Publications and other outputs

Poster presentation at the International Gut Microbiology Symposium (13-15^th June 2023).

Guest appearance on Inside Matters podcast with James Mcilroy [ What is a Healthy Gut Microbiome? ]

The Rowett Institute’s Gut Microbiology Group, which include PI Karen Scott, were runners up in the Global grants Award for the research group with greatest impact on Gut Microbiome Research (April 2023). They also gained the UoA Principle’s Award for Excellence (Research Team) in June 2023.

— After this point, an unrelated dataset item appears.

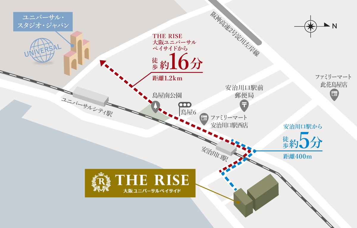 ユニバーサルシティ駅から1駅、JRゆめ咲線「安治川口駅」より徒歩約5分に位置。

In the first year we focussed on building our collection of resistant bacteria. Collaborations with other SEFARI researchers enabled us to isolate bacteria from samples that were being investigated in various different ways, maximising the information obtained. Samples from deer, sheep, and wild geese were collected, transported to the Rowett Institute and viable multi-drug resistant anaerobic bacterial strains were cultured and identified. Many different species of obligately anaerobic bacteria were isolated from deer and sheep samples while isolates from geese samples were mainly facultative bacteria, able to grow in the presence of oxygen. From three separate deer isolations between 10% and 35% of bacterial colonies grown were obligately anaerobic. In total, 160 anaerobic bacteria resistant to various combinations of tetracycline, erythromycin and streptomycin were purified from deer samples cultured on selective anaerobic plates. These isolates have been identified based on partial 16S rRNA gene sequences and comprise 28 different bacterial genera, including four novel isolates with no database homologues. The antimicrobial resistance profile of a subset of isolates was determined, showing that several are resistant to multiple antimicrobials including ampicillin, chloramphenicol, ciprofloxacin and amoxicillin.